One class of tools that does not have any impact on your running system, yet makes performance analysis easy, is based on hardware trace technology. Hardware trace essentially gives you a complete history of the instructions executed by your microprocessor. This information can be collected without modifying the running code or altering its runtime characteristics—it is collected with zero intrusion on your system. Trace-analysis tools can then convert this information into meaningful and powerful performance-analysis data that lets you analyze your system (without altering its runtime behavior) and optimize your system for maximum performance.

In this article, I examine some traditional performance-analysis techniques as they apply to embedded systems and discuss some of their inherent limitations. Next, I explore hardware trace by investigating what it is and how it can be used to effectively and efficiently debug your embedded software. Finally, I walk through a real-world example to illustrate some of the unique benefits of using hardware trace for system optimization.

Performance Analysis and Optimization

Performance analysis is an important part of developing a complete embedded product.
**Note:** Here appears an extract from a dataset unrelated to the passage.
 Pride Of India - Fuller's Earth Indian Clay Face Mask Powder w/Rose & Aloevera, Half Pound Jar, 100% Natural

Whatever your reasons for needing higher performance from your software, you almost certainly could use code that runs faster. However, performance analysis is generally a difficult task because it requires careful measurement and analysis of your system. In addition, after gaining visibility into what your software is doing, you must find areas where the code is performing unnecessary computations or other actions. Oftentimes, system performance can be greatly improved with relatively simple changes. However, finding the places that can be easily optimized is often a challenging task.

There are many techniques that have been traditionally used to analyze software performance. The most common techniques involve various forms of profiling, which give you information about how often each part of your program is running. The most popular forms of profiling provide statistical information about what code is running. This data can be collected by either periodically sampling the program counter or by instrumenting the object code running on your system. Regardless of the method, profiling methods generally maintain an array of the program counter locations in your program. Profiling methods then increment a counter for each program counter location as it is encountered, letting you see how much time is spent at each instruction in your program. A debugger or other tool then correlates this raw information to the time spent in each task, function, and source code line in your system.
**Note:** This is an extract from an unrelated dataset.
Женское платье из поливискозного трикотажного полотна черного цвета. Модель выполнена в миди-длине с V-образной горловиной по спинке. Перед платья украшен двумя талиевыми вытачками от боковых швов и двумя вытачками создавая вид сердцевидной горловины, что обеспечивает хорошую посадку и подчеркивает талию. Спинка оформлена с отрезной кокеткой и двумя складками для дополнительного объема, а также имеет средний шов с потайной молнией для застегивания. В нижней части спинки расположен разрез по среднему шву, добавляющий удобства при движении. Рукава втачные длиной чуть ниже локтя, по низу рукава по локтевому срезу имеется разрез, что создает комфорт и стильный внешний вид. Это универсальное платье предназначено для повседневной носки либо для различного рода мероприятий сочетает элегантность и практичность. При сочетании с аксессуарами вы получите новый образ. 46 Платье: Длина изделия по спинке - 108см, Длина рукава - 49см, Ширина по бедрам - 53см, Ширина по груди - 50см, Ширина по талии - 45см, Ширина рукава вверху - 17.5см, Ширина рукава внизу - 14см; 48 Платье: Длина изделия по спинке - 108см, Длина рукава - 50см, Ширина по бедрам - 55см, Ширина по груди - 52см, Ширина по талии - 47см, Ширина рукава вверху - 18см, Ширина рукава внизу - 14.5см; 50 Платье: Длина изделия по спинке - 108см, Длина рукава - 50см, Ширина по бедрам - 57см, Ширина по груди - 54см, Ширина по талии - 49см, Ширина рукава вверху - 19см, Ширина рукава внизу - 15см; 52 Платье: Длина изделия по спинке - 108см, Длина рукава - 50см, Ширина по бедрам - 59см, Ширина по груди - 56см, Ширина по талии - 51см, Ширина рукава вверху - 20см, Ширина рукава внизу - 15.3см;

Statistical profiling lets you see the percentage of time spent at every location in your program. For example, Figure 1 is output from a profiling tool for the program in Listing One. However, this information comes at a steep cost, especially for real-time systems. By either halting your system periodically to sample the program counter or modifying your executable, standard profiling methods change the behavior of your system, often in dramatic ways. It is possible that these methods could change the timing behavior of your system, potentially causing your software to miss deadlines or encounter other serious problems. Also, storing the profiling information on embedded systems is often a challenge because either additional memory or a way to transmit this information as the system runs is required. Finally, instrumentation solutions may increase the size of your code, potentially making it too large to fit into the limited memory available on many embedded systems.

Hardware Trace

Hardware trace is a technology available on many embedded microprocessors that allows you to effectively analyze your system without any of the drawbacks previously mentioned. In addition, hardware trace offers some unique performance-analysis benefits that are unavailable with standard profiling methods.

Hardware trace provides a complete history of what your microprocessor is doing as your software runs. This lets you examine the various interactions in your software in great detail. By collecting information about what instructions are executed, when interrupts and context switches occur, and sometimes even what data addresses and values are loaded and stored, hardware trace provides nearly complete visibility into the workings of your software. In addition, because hardware trace uses dedicated logic on your processor and specialized collection devices, hardware trace does not impact the execution of your software and you are able to collect detailed information about your production software while it runs at full speed. These capabilities let you visualize your software in unprecedented ways, making it easier to debug and optimize your software.

Hardware trace data is output over a dedicated port from a trace-enabled microprocessor. There are several embedded microprocessors available today that can output trace data, including the ARM7, ARM9, and ARM11; the IBM PowerPC 405 and 440; and the PowerPC 5500 and MAC7100 families from Freescale. In addition, more and more microprocessors are adding support for trace as the benefits of debugging and analyzing embedded systems with hardware trace are becoming more widely recognized.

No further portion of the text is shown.